# Snow, Wood, Deer Tracks, and a Snowmobile Crash



## quads (Feb 3, 2011)

Ok, which one of you guys ran into the trees with your snowmobile?






One of my trails through the woods, now as hard as concrete after the below zero temps last night.





The deer tracks in the lower left corner of this picture were made in the 20 minutes that I was gone between loads.  Deer are so curious about everything, like cows.





I didn't make a track down this trail yesterday.  Might not get down it again until Spring!





Wood cut and split a few days ago.  Too bad it's waaaaay over there in all that snow.


----------



## JustWood (Feb 3, 2011)

There's a snowmobile trail through my property. It's groomed and maintained by a club. Stop signs, slow and curve signs . The whole 9 yards.
Thursday - Sunday approx 500+ sleds/day  travel this trail. There's a 90 degree curve after a long straightaway through  a wooded area  and every spring I pick up half a pickup load of plastic parts here. I should get ahold of Geico and sell them some land for a satellite office.


----------



## bogydave (Feb 3, 2011)

Nice pics
I think it was these guys.


----------



## quads (Feb 4, 2011)

You could be right Dave!  That's about how they go through the woods behind my house.


----------



## quads (Feb 4, 2011)

localLEE said:
			
		

> There's a snowmobile trail through my property. It's groomed and maintained by a club. Stop signs, slow and curve signs . The whole 9 yards.
> Thursday - Sunday approx 500+ sleds/day  travel this trail. There's a 90 degree curve after a long straightaway through  a wooded area  and every spring I pick up half a pickup load of plastic parts here. I should get ahold of Geico and sell them some land for a satellite office.


Same here.  You can't see it behind me in the picture, but I'm standing on the edge of a 1500 acre field and that is where the trail enters the woods.  Up ahead from there is a 90Â° turn (signs, banners, ribbons, reflectors, all marking it) where one of my relatives has a fence around his small field.  So many snowmobiles went through the fence that he finally took it down so that when they miss the curve they at least don't hit the fence anymore.


----------



## SlyFerret (Feb 4, 2011)

You've probably been asked this before, Quads, but I can't remember ever seen an answer.
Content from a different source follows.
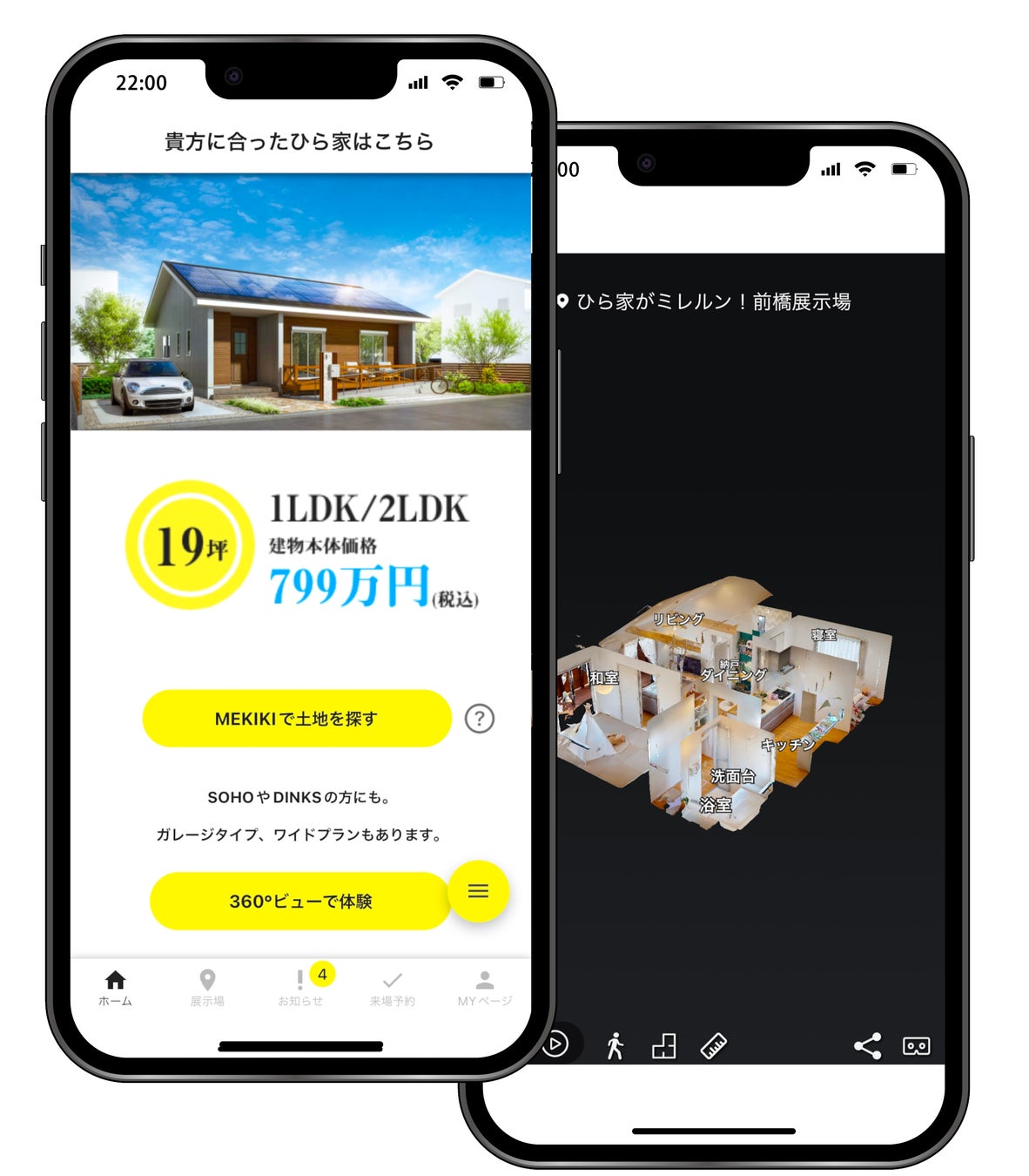IKI専用アプリ「ヒラヤー」はお客様に合った平屋のご提案から、360°ビュー(仮想モデル/VR)での内覧や採寸、土地の検索、チャットでの相談、お引き渡しまでをサポートするアプリです。外出が難しいご高齢の方や、多忙で展示場に足を運べない方でもより手軽に平屋の見学ができます。さらに、アプリに内蔵されたIKIモデルハウスの360°ビューで、本物のモデルハウスを訪れる前でも後でも、どこにいてもバーチャルなモデルハウスの内覧ができます。「ヒラヤー」を使うことで、ご自身が選んだIKIプランへの納得感を深めたり、家族や友人等へIKIモデルハウスを手軽に見せて意見をもらったりすることができます。実際、「ヒラヤー」利用がIKIご契約の最後の一押しになった事例もあります。自分のやり方、自分のペースでIKIの検討を多角的に、繰り返しできるようになることが「ヒラヤー」が支持を集める理由であると考えられます。

How many acres do you have up there?  Just wondering how much room you have for your adventures in the woods.

-SF


----------



## quads (Feb 4, 2011)

Between the dairy farm, the Christmas tree farm, and a couple old family farms that no longer have any cows on them, we have about 500 acres.


----------



## loon (Feb 4, 2011)

might of been this ghost machine  :cheese: 


http://www.metacafe.com/watch/yt-dj6lYWyuR1c/funny_snowmobile_crash/


----------



## ColdNH (Feb 4, 2011)

Didn't realize we had so many property owners on here that let snowmobile trails cross their property, I want to give you all a BIG thank you! without you we would be ridding around in circles in the state park. 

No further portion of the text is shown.